QLC SSD Support

As per the QLC SSD characteristics of: high capacity, low endurance and poor small write performance, the QLC SSD won’t be used as the replacement of TLC SSD, instead, it’ll be kind of capacity supplement of TLC for bulk data handling.

In the context of QLC SSD support, we’ll keep the assumption of homogeneous storage target, which means each target will have the same amount of QLC and TLC capacity. The TLC will be still used to store WAL, meta data and small data, and the QLC will be used to store bulk data.

Control Plane Changes

dmg storage commands

dmg storage scan’ command might need be improved to show the discovered TLC and QLC SSDs in a distinguishable way, that would be helpful for administrator to configure the NVMe tiers in server YAML.

dmg storage query’ command also needs be improved to show the TLC and QLC information separately.

server YAML

Current DAOS server YAML supports single NVMe tier (associated with ‘data’ role) in the pmem mode, supports at most three NVMe tiers (associated with ‘data’, ‘meta’ and ‘wal’ role respectively) in the md-on-ssd mode.

To configure QLC SSDs in server YAML, an extra NVMe tier associated with ‘bulk_data’ role will be introduced, then at most 2 or 4 NVMe tiers could be configured in pmem or md-on-ssd mode respectively. The ‘bulk_data’ role should be applied to QLC tier only and it’s incompatible with other roles.

dmg pool commands

dmg pool create’ command needs be changed to pass down a QLC size parameter to engine, at the same time, the ‘dmg pool query’ command needs be updated to show the TLC and QLC usage separately.
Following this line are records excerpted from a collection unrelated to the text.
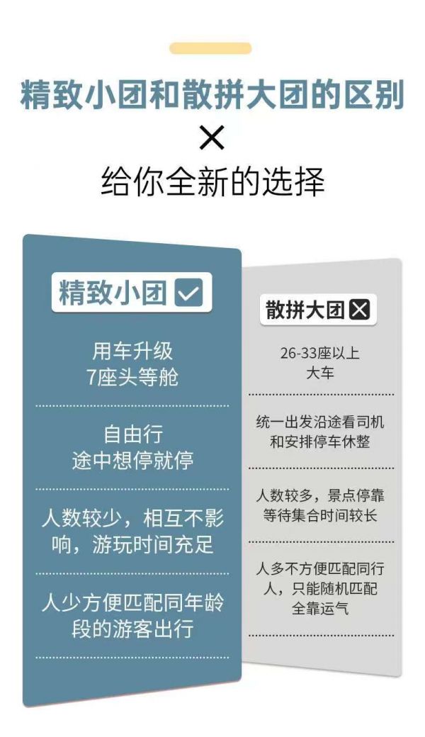 本行程為全國 2-6 人拼團(2 人成行/6 人上限),因隨機組客特性,無法提前篩選拼友的年齡、性別、地域等信息。特別提示:對社交環(huán)境有特殊要求的游客,建議選擇定制包車服務(wù)。
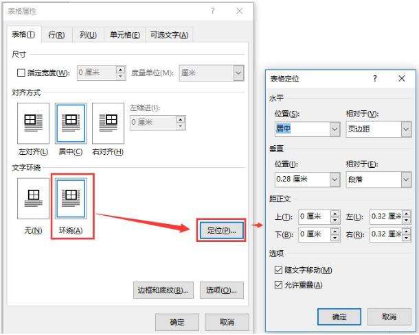 如果想要精确定位表格与文字的距离位置,可在表格上右击,在弹出的菜单中选择“表格属性”命令,打开“表格属性”对话框,在“表格”选项卡下的“文字环绕”栏选择“环绕”选项,然后单击“定位”按钮,在打开的“表格定位”对话框中可设置表格距正文的上、下、左、右距离以及水平、垂直位置。
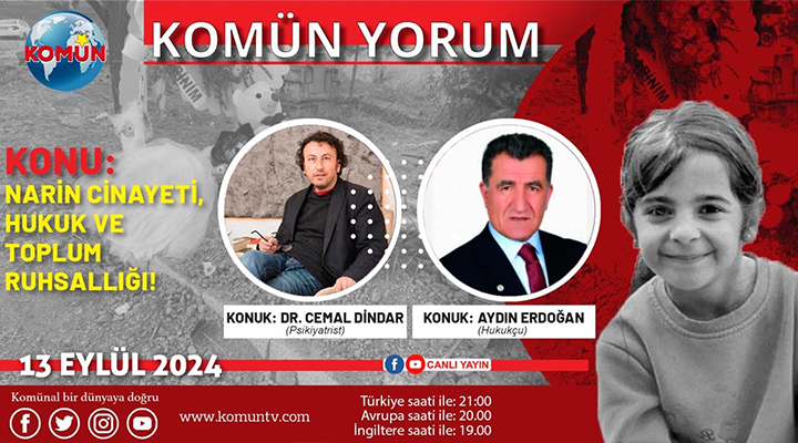 “Narin Cinayeti, Hukuk ve Toplum Ruhsallığı” konusunun ele alınacağı Komün Yorum programı bu akşam Türkiye saatiyle 21.00’de Komün TV’de.
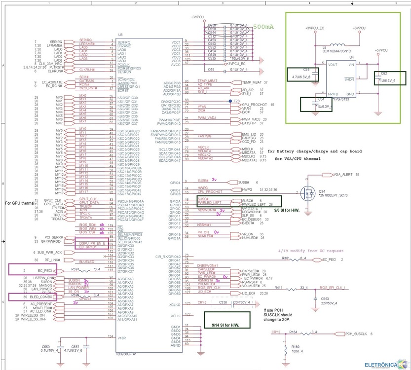 Boa noite pessoal. Gostaria de uma grande ajuda dos amigos. Estou com esse equipamento na bancada, estava funcionando normalmente, foi desmontado para dar uma limpeza geral e troca de teclado. Assim foi feito, porém durante a montagem ocorreu um problema que gerou o defeito citado. O cabo do alto falante que vai para o lado direito (vermelho e preto) (pinos 3 e 4) do Cn1 erroneamente ficaram muito próximo do conector CN7 que vai conectado o cabo que atende ao cd-rom. Quando foi conectado este conector ele trancou o cabo de áudio e junto a carcacinha pelo lado de fora do pino 1 deste conector e perfurando o fio que acabou ficando em contato com o terra do conector e ali ficou furado e preso tanto o preto como o vermelho. Logicamente que não foi notado, máquina montada, ainda com a bateria apenas a máquina foi ligada, e ficou um ruído no alto falante direito, porém foi subindo o sistema, notei um cheiro mais forte (tipo de queimado) e sente ele quente ali na proximidade do leitor de cartão, já mandei logo desligar o sistema. que desligou normal. Fiz o desmonte da peça e aí que notei tudo que relatei acima, tirei o fio do lugar e fiz um teste e a máquina agora não dá mais vídeo e fica apenas ligando e desligando, sem apresentar vídeo. fiz umas medições pela placa e ao ligar ela manda os 3.3 para a bios mas logo em seguida zera. comecei a fazer umas medições e notei que o Pq39 e Pq40 apresentavam curto, tirei eles da placa, e fora tudo certo. continuei os testes, e notei que o Pc255 apresenta curto em relação ao terra em ambos os terminais. Removi ele, medi fora e está ok, porém mesmo sem o componente os terminais apresentam curto em relação ao terra. O PL25 tinha o mesmo curto mas ao remover ele, o curto ficou apenas na linha que ia em direção ao Pc255. Removi todos próximos a esse capacitor, no caso o Pc249, pc250, pc251, pc252, pc253 e Pr239. O curto permanece em ambos terminais do pc255. Olhando o esquema cheguei ao L50 e L53, removi ambos, o curto se mantém, fiz também a remoção do c620 e o mesmo curto permanece nos terminais mesmo sem o componente. Alguém poderia me dar uma luz a mais ? Estou usando esse esquema- 9 respostas

There is an ongoing task of control plane changes for md-on-ssd phase2, please refer to the design and debate at: Control-Plane changes

Data Plane Changes

Four key changes would be involved on the data plane (engine) side:

  1. An extra block allocator instance (including persistent heap of vea_space_df and runtime heap of vea_space_info) for the space management within the QLC blob of a VOS pool.

  2. An extra I/O context (bio_io_context) for the NVMe I/O against QLC blob of a VOS pool.

  3. An new address type (bio_addr_t) to represent an address in the QLC blob.

  4. An enhanced media selection policy (vos_io_scm()) to select QLC media for bulk update.

These changes will be iterated in following component sections respectively.

VEA changes

The QLC space will be managed separately from the TLC space, and the same block allocator VEA will be used for block management within the QLC blob. Current VEA already supports different block size for different instance, but we do need to scrutinize implementation details to see if there is anything won’t work well for large block size. (64k or 128k block size)

BIO changes

In general, BIO component needs be enhanced to handle an extra tier of SSDs associated with the ‘bulk_data’ role, an extra QLC blob and the corresponding I/O context will also be added for each VOS pool.

Few key data structure or on-disk format changes are listed below:

  1. The most significant change is that bio_addr_t will be expanded to represent an address in QLC blob , which could be achieved by adding a new media type of DAOS_MEDIA_QLC.

  2. Similar to the ‘data’ tier SSDs, the SSDs in ‘bulk_data’ tier will be assigned to each VOS target in a round-robin manner, that requires a new SMD device type SMD_DEV_TYPE_BULK, and a new target table ‘bulk_target’ being added in SMD.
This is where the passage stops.